By reinforcing the associations between both spatially and temporally "contiguous" information, the neural net reinforces the connections between often-appearing contiguities in its data stream. As a result, a higher-order amalgamation of often-synchronized features emerges from the topology of the network — namely, "objects" become defined as globs of often-appearing-together tokens.
"The principle is that the components of holistic objects, such as a human face, which is composed of eyes, nose, mouth and so forth, always appear together, so their interconnections in the neural network are reinforced." This lets Cortronics "isolate and excise objects from their background," said Hecht-Nielsen.
This ability to "detect" and "segment" images into objects has been one of the persistent problems of machine vision research. Real-world scenes are confused by deformed and distorted viewpoints, and partial occlusion by nearby objects. Cortronics solves this detect-and-segment problem, HNC said, with its spontaneously appearing holistic objects, which a separate management level of the brain operating system tracks by "paying attention" to significant portions of occluded objects, thereby verifying or falsifying their presence in real-time.
The second type of memory association is association by similarity, and here the Cortronics technology lays claim to genuine machine intelligence. HNC said Cortronics automatically recognizes higher-level objects by logging the similarities of their component parts to form an ascending hierarchy of related objects. With a face, for instance, the Cortronics hierarchical abstractor self-organizes a higher-level face object with the component parts. Likewise, given enough examples it will also self-organize separate categories for male vs. female faces.
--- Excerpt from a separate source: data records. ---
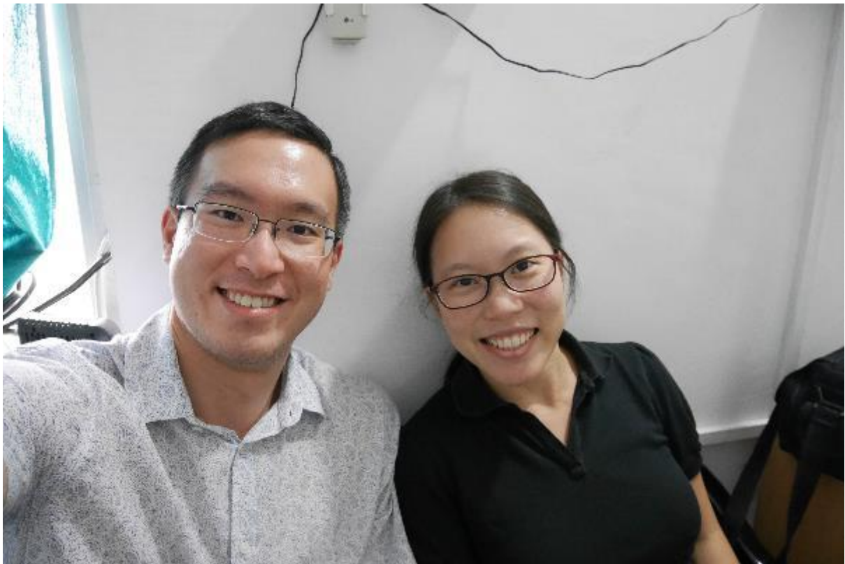
End of day!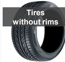
Tires without rims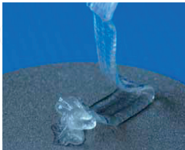
Figure 2. DAC ® HA-g-PLA, fast-resorbable, hydrogel coating. Composed of covalently linked hyaluronan and poly-D, L-lactide, the “Defensive Antibacterial Coating” (DAC ® , Novagenit Srl, Mezzolombardo, Italy) is the first antibacterial-coating cleared for clinical use in orthopedics, trauma, dentistry and maxillofacial surgery in Europe.

Composed of covalently linked hyaluronan and poly-D,L-lactide, the “Defensive Antibacterial Coating” (DAC ® , Novagenit Srl, Mezzolombardo, Italy) was specifically developed in order to protect implanted biomaterials used in orthopedics, traumatology, dentistry and maxillo-facial surgery from bacterial colonization [24, 48] (Figure 2).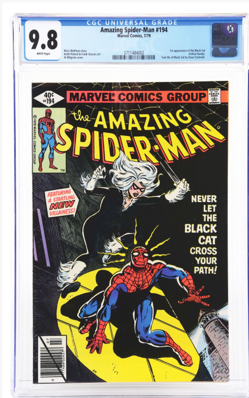
The Amazing Spider-Man #194, Marvel Comics (1979), CGC 9.8 Universal Grade. A beautiful example. Estimate $3,000-$6,000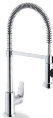
BS101300/3CR Single control mixer tap, swivel spout, adjustable 2-jet hand shower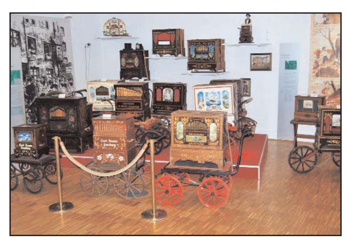
Figure 4. A view of some of the many hand-cranked barrel organs featured in the Schwarzwald Museum in Triberg, Germany.

The morning of the tri-annual Waldkirch Orgelfest gave the COAA group a chance to visit the cuckoo clock capital of the world, Triberg, Germany. An outstanding attraction, especially for those with our specialized interest, is the Schwarzwald Museum. The museum holdings consist not only of clocks made in the area but also nearly 200 hand organs ( Figure 4 ) and one well-preserved hand-cranked 59-key Wrede fair organ ( Figure 5 , centerfold ).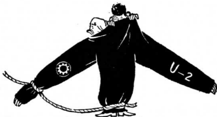
Cartoon by Ying Tao

The Chinese Government statement declares: "So long as U.S. imperialism persists in its policies of aggression and war, so long as the United States still occupies China's territory of Taiwan, China's security cannot be ensured, nor can the tension in the Far East and the world be eliminated. For the sake of China's security and Far Eastern and world peace, the armed forces of the United States must be withdrawn from Taiwan; they must be withdrawn from Japan, southern Korea, southern Viet Nam, Laos, Thailand and the Philippines; they must be withdrawn from all U.S. military bases on foreign soil." This gives expression to the firm, unshakable will of the 650 million people of China. The Chinese people will work in concert with the people of all other countries who cherish peace, to smash the U.S. imperialist plans for aggression and war and safeguard national independence and world peace. When the people throughout the world are united even more closely, the policies of aggression and war of U.S. imperialism will inevitably be defeated; and they certainly can be defeated.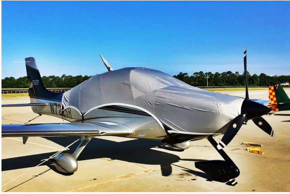
Cirrus SR22 Light Weight Travel Canopy/Engine Cover

non-travel Sunbrella Cover is the best choice.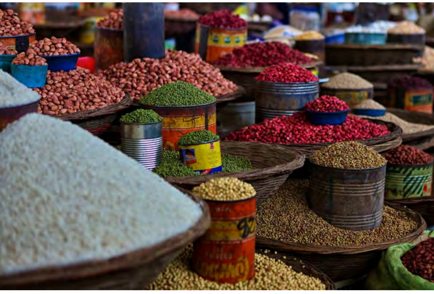
Performance Management System Improves Service Delivery in Kisumu County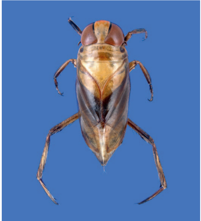
Fig. 1: Habitus, dorsal aspect, of Enithares unguistigris sp.n., male paratype.

The utility of these self-organizing hierarchical abstractions is made plain when an application seeks to identify specific types of objects from real-time inputs. Ordinarily, input data streams contain a mishmash of irrelevant information that often confuse attempts at automatic recognition.
'Find the males'
HNC said Cortronics uses its hierarchy of abstract objects to succeed. Thus, if instructed to "find the males" in a scene, it will tentatively activate all instances of the desired objects and their component parts and will then recognize and "expect" other, related features to appear when the scene changes.
"This ability to make objects of interest pop out from a cluttered background was another holy grail of artificial intelligence," said Hecht-Nielsen, an adjunct professor at the University of California, San Diego, specializing in neural networks and computing. "It's how my students at UCSD helped solve the cocktail party problem. In essence, Cortronics forms expectations about what it should recognize next, enabling it to track a single voice among many by recognizing which sound must have followed from earlier ones."
In the cocktail party problem, where five people are speaking simultaneously, Cortronics creates, on the fly, a list of "next utterances" that could likely follow from the current one, then tracks whichever next word, from five separate voices, matches. This strategy requires that the "first" word be manually flagged as belonging to the voice of interest. Once that's done, Cortronics pays attention to just the selected voice.
"This is the way people's brains work too. To prime the pump with the first word, listeners will move their head slightly closer [to the speaker] to increase the signal-to-noise ratio, but once the first word is recognized, they follow that voice based on their expectations of what next words could logically follow from the current ones," said Hecht-Nielsen.
The Cortronics Technology Course will be held March 25 to April 12 in San Diego.